Your objective: In the listing that follows, print every line exactly and leave the images out.

▬▬▬

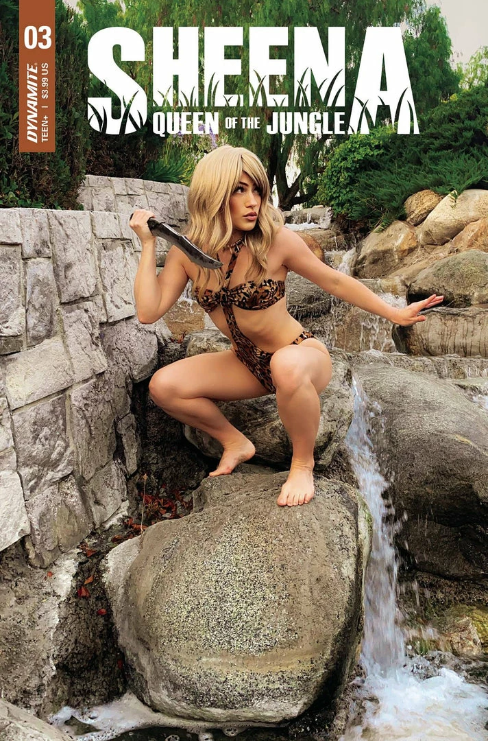 “The Queen of the Jungle Returns! Featuring an all-star creative team and the most amazing roster of cover artists this side of the jungle! The thrilling adventures combines the classic elements of the legendary character along with a modern sensibility that will make it the perfect debut for fans new and old! And lookit those covers: Linsner! Parillo! Besch! Suydam! Cosplay! Sheena faces the rogue beast that may – or may not – be responsible for all the death and destruction in the Mega-Park. But, how can she trust the very people that sent her in? short answer: she can’t, making the danger both man and animal-made! Oh, and they maty be coming after her from the spirit world as well! Jurassic Park meets Predator meets The Hunger Games. Sheena is Queen of all. ”
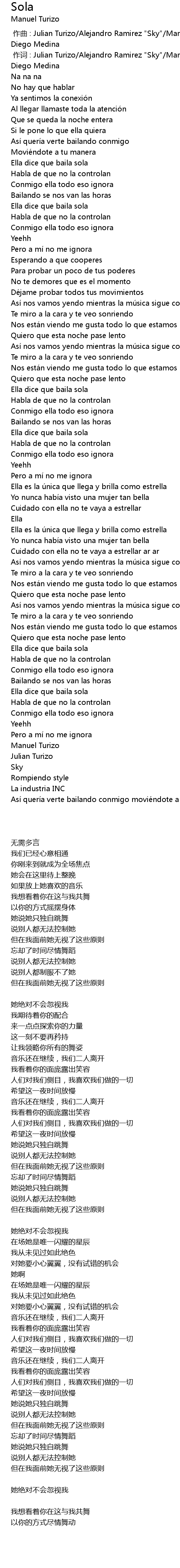 | [00:01.000] | zuò cí : Julian Turizo Alejandro Ramirez " Sky" Manuel Turizo Juan Diego Medina |
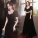 イブニングドレス 黒 ベロア ベルベット スパンコール キラキラドレス 発表会ドレス ロングドレス パール エレガント パーティードレス ブラック パフスリーブ
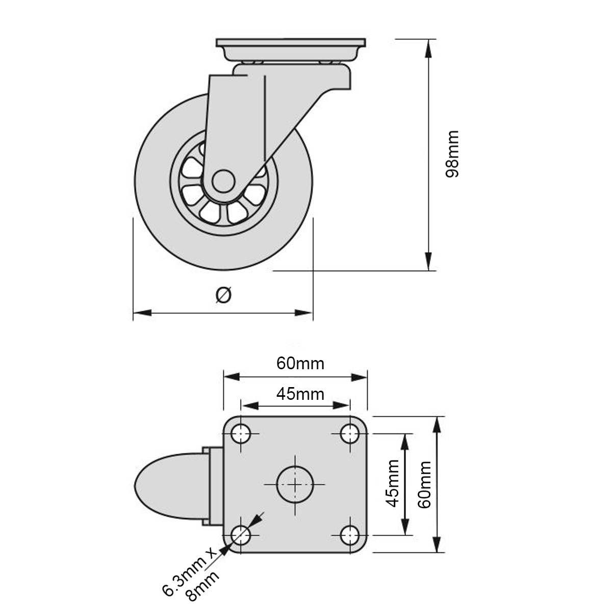 Slip wheel kit Ø50/75mm transparent for cabinets, coffee tables and any other furniture with a maximum weight of 160/200kg. There are 4 castor wheels provided in the kit 2 with brakes and 2 without brakes.
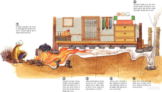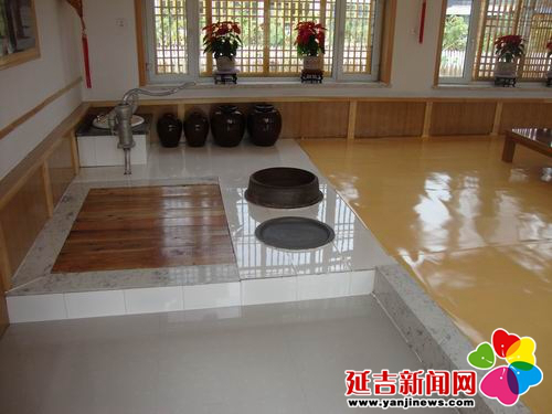在傳統(tǒng)的朝鮮族民宅中,炕和鍋臺(tái)是平齊的,需要燒火做飯時(shí),主婦會(huì)打開架在柜臺(tái)一側(cè)的移動(dòng)木板,下到地面水平線以下的“灶坑”點(diǎn)火做飯。傳統(tǒng)的炕采用長筒式結(jié)構(gòu),煙火由一洞內(nèi)循環(huán)排出,使每洞都有煙火串入,炕即溫?zé)帷3r族的火坑高度為30-40厘米,但炕洞向下挖入,炕面抹白灰,表面糊油紙或鋪草簾子,炕面平整。隨著物質(zhì)條件的改善,炕面改鋪纖維板或者地板膠,既美觀又耐用。

▬▬▬

Your response:
 “The Queen of the Jungle Returns! Featuring an all-star creative team and the most amazing roster of cover artists this side of the jungle! The thrilling adventures combines the classic elements of the legendary character along with a modern sensibility that will make it the perfect debut for fans new and old! And lookit those covers: Linsner! Parillo! Besch! Suydam! Cosplay! Sheena faces the rogue beast that may – or may not – be responsible for all the death and destruction in the Mega-Park. But, how can she trust the very people that sent her in? short answer: she can’t, making the danger both man and animal-made! Oh, and they maty be coming after her from the spirit world as well! Jurassic Park meets Predator meets The Hunger Games. Sheena is Queen of all. ”
 | [00:01.000] | zuò cí : Julian Turizo Alejandro Ramirez " Sky" Manuel Turizo Juan Diego Medina |
 イブニングドレス 黒 ベロア ベルベット スパンコール キラキラドレス 発表会ドレス ロングドレス パール エレガント パーティードレス ブラック パフスリーブ
 Slip wheel kit Ø50/75mm transparent for cabinets, coffee tables and any other furniture with a maximum weight of 160/200kg. There are 4 castor wheels provided in the kit 2 with brakes and 2 without brakes.
在傳統(tǒng)的朝鮮族民宅中,炕和鍋臺(tái)是平齊的,需要燒火做飯時(shí),主婦會(huì)打開架在柜臺(tái)一側(cè)的移動(dòng)木板,下到地面水平線以下的“灶坑”點(diǎn)火做飯。傳統(tǒng)的炕采用長筒式結(jié)構(gòu),煙火由一洞內(nèi)循環(huán)排出,使每洞都有煙火串入,炕即溫?zé)帷3r族的火坑高度為30-40厘米,但炕洞向下挖入,炕面抹白灰,表面糊油紙或鋪草簾子,炕面平整。隨著物質(zhì)條件的改善,炕面改鋪纖維板或者地板膠,既美觀又耐用。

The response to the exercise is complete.